He fills my life with good things. My youth is renewed like the eagle’s!
Where is your inner child hidden? Is it buried so far inside of your spirit that it no longer knows the way out? It’s like the little piece of my heart no one wants to expose for fear of being hurt. It’s like the stone we just never want to over turn in the river for fear of getting hurt. My little girl has been hiding for so long. I used to be filled with uncontainable joy. I loved to dance and to run. I love to just throw my arms up in an empty field and just be free. I loved being the center of attention sometimes with my unique personality. How did I lose this part of me? What has hindered this in me? Why have I not been able to be free like I once was? Fear. Stolen joy. Being hurt by love. Being ignored. Playing the part of the victim for far too long, that’s what happened.
Remember when I said God will often give us what we need before what we want? This morning was another prime example. Let me set the scene for you. Two days ago God allowed me to give a man a piece of my heart that I thought I would just keep buried forever. I was refusing to be hurt by anyone ever again. I had let go of the pain and freed myself from self-pity but I was not ready to let anyone love me again. I was one scared little girl giving that part of me up. I was trusting God do much in that moment of time, little did I know what He had in store for me once I just let go.
This morning as coffee is brewing and I am contemplating how this day will pan out, John takes me in his arms and dances with me ever so gently. I am uneasy as I feel a weakness come over me. I hold back in fear on not being able to dance well. Then in a sudden moment as he is singing to my soul and drinking in my spirit through his eyes, he grabs my face and pours in to me more love than I could have ever imagined. As he holds my face to his he begins to speak to that little girl in me, “Come to Life! Come to Life! Come back to Me.”
God was speaking to me through this amazing man of God and I was finally able to let go of the fear and let joy come back. Since this man, John, has been in my life, I have become so free in love. I thought I would never attain this level of love again in this lifetime. I had been content to spend the rest of my life just seeking God and not being loved back by any human being like God loves me. This morning in a moment of dancing and a calling back to life, I let go, I let it ALL go and as I poured out my tears, God filled me with more love than I could handle.

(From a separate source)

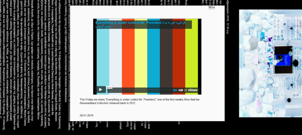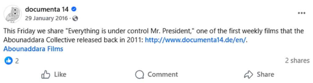 Abounaddara, Everything is under control Mr. President 30th January 2026A Curriculum of ImpostersAbounaddaraMinus Plato In another Abou Naddara video, titled “Everything is under control Mr. President,” we peer out a doorway at a man standing silently in a sun-drenched alley. After 45 seconds, the view shifts to the same man in a courtyard, seen first from a few feet away, then closer. As the image dissolves to white, a single gunshot is heard. Maybe one of the most significant things works like this can give someone sitting at a computer 5,700 miles away is a new way of emotionally grasping events that seem in many ways very distant. – أنا وبس: My People Love Me by Bruce Wallace Guernica April 15, 2012

I feel free again. As I was rendered speechless on that kitchen dance floor this morning I am able to dance in the rain again. I am able to be who God created me to be and in the process so is John. What happened this morning was truly a God moment for both of us, for you see, there is a little boy in John that needs the same love and acceptance that my little girl does and I intend with the power of God in me to call him back to life as well.
Are you ready to let your inner child come out? Will you allow God to give you what you need before your wants?